From: Maxim Levitsky
Date: Mon May 24 2021 - 08:27:12 EST


On Mon, 2021-05-17 at 15:50 +0200, Vitaly Kuznetsov wrote:
> 'Clean fields' data from enlightened VMCS is only valid upon vmentry: L1
> hypervisor is not obliged to keep it up-to-date while it is mangling L2's
> state, KVM_GET_NESTED_STATE request may come at a wrong moment when actual
> eVMCS changes are unsynchronized with 'hv_clean_fields'. As upon migration
> VMCS12 is used as a source of ultimate truth, we must make sure we pick all
> the changes to eVMCS and thus 'clean fields' data must be ignored.
>
> Signed-off-by: Vitaly Kuznetsov <vkuznets@xxxxxxxxxx>
> ---
> arch/x86/kvm/vmx/nested.c | 49 +++++++++++++++++++++++----------------
> 1 file changed, 29 insertions(+), 20 deletions(-)
>
> diff --git a/arch/x86/kvm/vmx/nested.c b/arch/x86/kvm/vmx/nested.c
> index ea2869d8b823..ec476f64df73 100644
> --- a/arch/x86/kvm/vmx/nested.c
> +++ b/arch/x86/kvm/vmx/nested.c
> @@ -1607,7 +1607,7 @@ static void copy_vmcs12_to_shadow(struct vcpu_vmx *vmx)
> vmcs_load(vmx->loaded_vmcs->vmcs);
> }
>
> -static int copy_enlightened_to_vmcs12(struct vcpu_vmx *vmx)
> +static int copy_enlightened_to_vmcs12(struct vcpu_vmx *vmx, u32 hv_clean_fields)
> {
> struct vmcs12 *vmcs12 = vmx->nested.cached_vmcs12;
> struct hv_enlightened_vmcs *evmcs = vmx->nested.hv_evmcs;
> @@ -1616,7 +1616,7 @@ static int copy_enlightened_to_vmcs12(struct vcpu_vmx *vmx)

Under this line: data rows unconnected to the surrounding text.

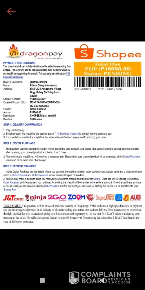 I ordered on shopee dated Nov 15, item from China. The item arrived in philippines on Nov 23, on the following day Nov 24 when I check the status it says item is on the way to deliver by the courier at 1pm. Then I waited all day for the courier to came. Then at 7pm to my surprise when I check the status of my delivery there is saying that parcel will return to the sorting hub because it was rejected by the user. I immediately contacted shopee agent to report what happened. Why the driver reported like that. Then agent told me they will do an action and wait for the item it will be delivered within 24hrs. Then the following day, Nov 25 around 8pm no courier came. I contacted again shopee and reported it again, then shopee agent assured me that my parcel will be delivered the following day so stop worrying. And then today, when I checked the status it was returning to the seller! I was like what the heck, come on shopee! 2 consecutive days I've been reporting this matter and then nothing happened? I contacted agent again and rely everything again and again then agent told me sorry because its already returned to seller, all they can do is to file a report against this driver. Oh really? Just now agent told me they will file a report.. Wow! Pls somebody help me to finally give this driver his award for being beast!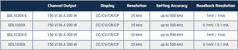 - SDL1020X(단일 채널): DC 150V/30A, 총 전력 최대 200W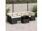 Delivery Contains: 1 x Garden table, 2 x Corner seat with storage function and water-resistant bag, 2 x Corner seat with rattan armrest and storage function with water-resistant bag, 3 x Center seat with storage function and water-resistant bag, 9 x Back cushion, 7 x Seat cushion with removable and washable cover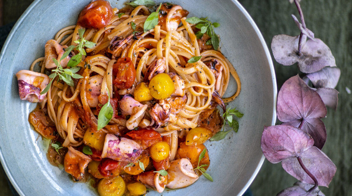 Un sughetto di pesce con pomodorini spadellati al profumo di aglio e menta. Perfetto per gli spaghetti, da gustare con gli amici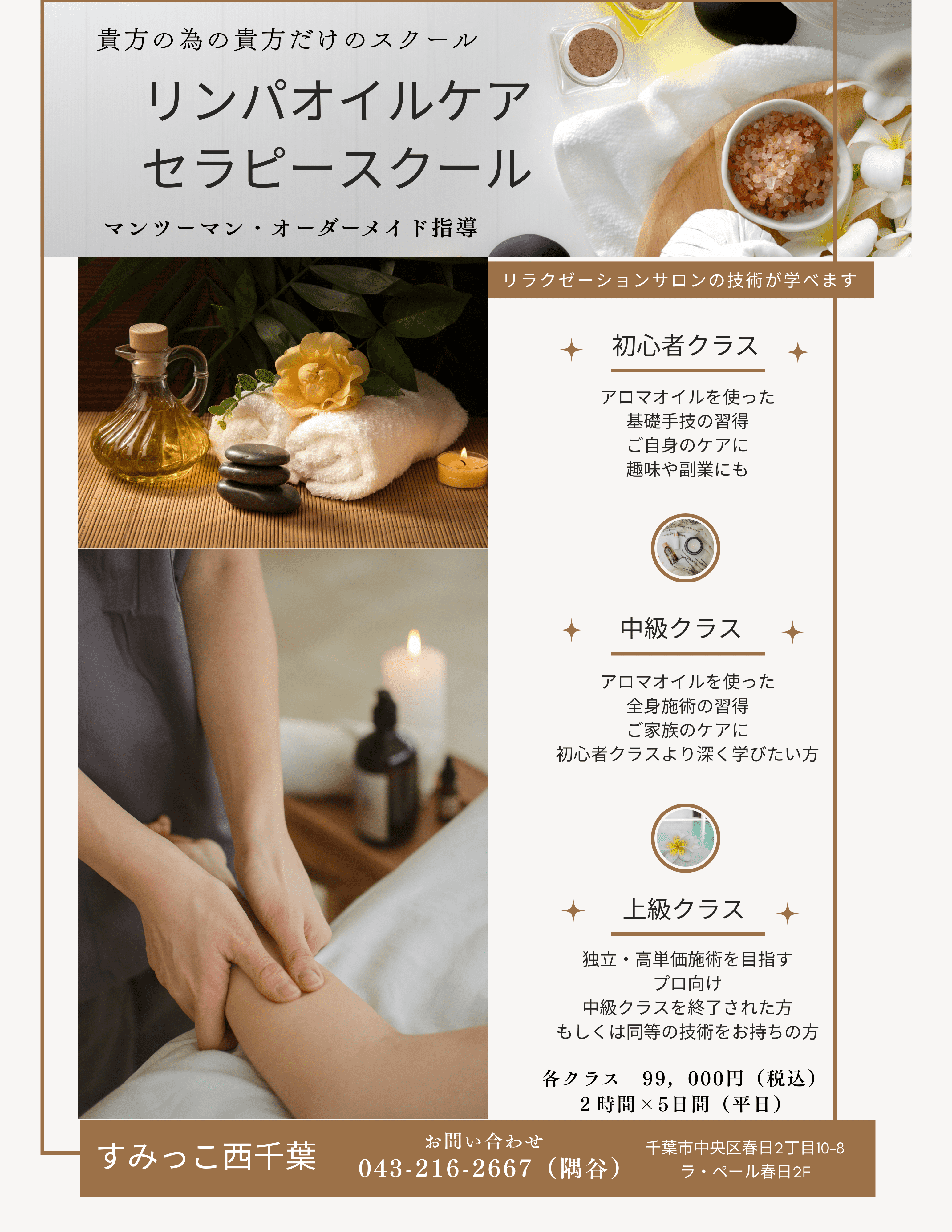 すみっこでは、心と身体を癒すオイルマッサージの技術を、

> vmcs12->tpr_threshold = evmcs->tpr_threshold;
> vmcs12->guest_rip = evmcs->guest_rip;
>
> - if (unlikely(!(evmcs->hv_clean_fields &
> + if (unlikely(!(hv_clean_fields &
> HV_VMX_ENLIGHTENED_CLEAN_FIELD_GUEST_BASIC))) {
> vmcs12->guest_rsp = evmcs->guest_rsp;
> vmcs12->guest_rflags = evmcs->guest_rflags;
> @@ -1624,23 +1624,23 @@ static int copy_enlightened_to_vmcs12(struct vcpu_vmx *vmx)
> evmcs->guest_interruptibility_info;
> }
>
> - if (unlikely(!(evmcs->hv_clean_fields &
> + if (unlikely(!(hv_clean_fields &
> HV_VMX_ENLIGHTENED_CLEAN_FIELD_CONTROL_PROC))) {
> vmcs12->cpu_based_vm_exec_control =
> evmcs->cpu_based_vm_exec_control;
> }
>
> - if (unlikely(!(evmcs->hv_clean_fields &
> + if (unlikely(!(hv_clean_fields &
> HV_VMX_ENLIGHTENED_CLEAN_FIELD_CONTROL_EXCPN))) {
> vmcs12->exception_bitmap = evmcs->exception_bitmap;
> }
>
> - if (unlikely(!(evmcs->hv_clean_fields &
> + if (unlikely(!(hv_clean_fields &
> HV_VMX_ENLIGHTENED_CLEAN_FIELD_CONTROL_ENTRY))) {
> vmcs12->vm_entry_controls = evmcs->vm_entry_controls;
> }
>
> - if (unlikely(!(evmcs->hv_clean_fields &
> + if (unlikely(!(hv_clean_fields &
> HV_VMX_ENLIGHTENED_CLEAN_FIELD_CONTROL_EVENT))) {
> vmcs12->vm_entry_intr_info_field =
> evmcs->vm_entry_intr_info_field;
> @@ -1650,7 +1650,7 @@ static int copy_enlightened_to_vmcs12(struct vcpu_vmx *vmx)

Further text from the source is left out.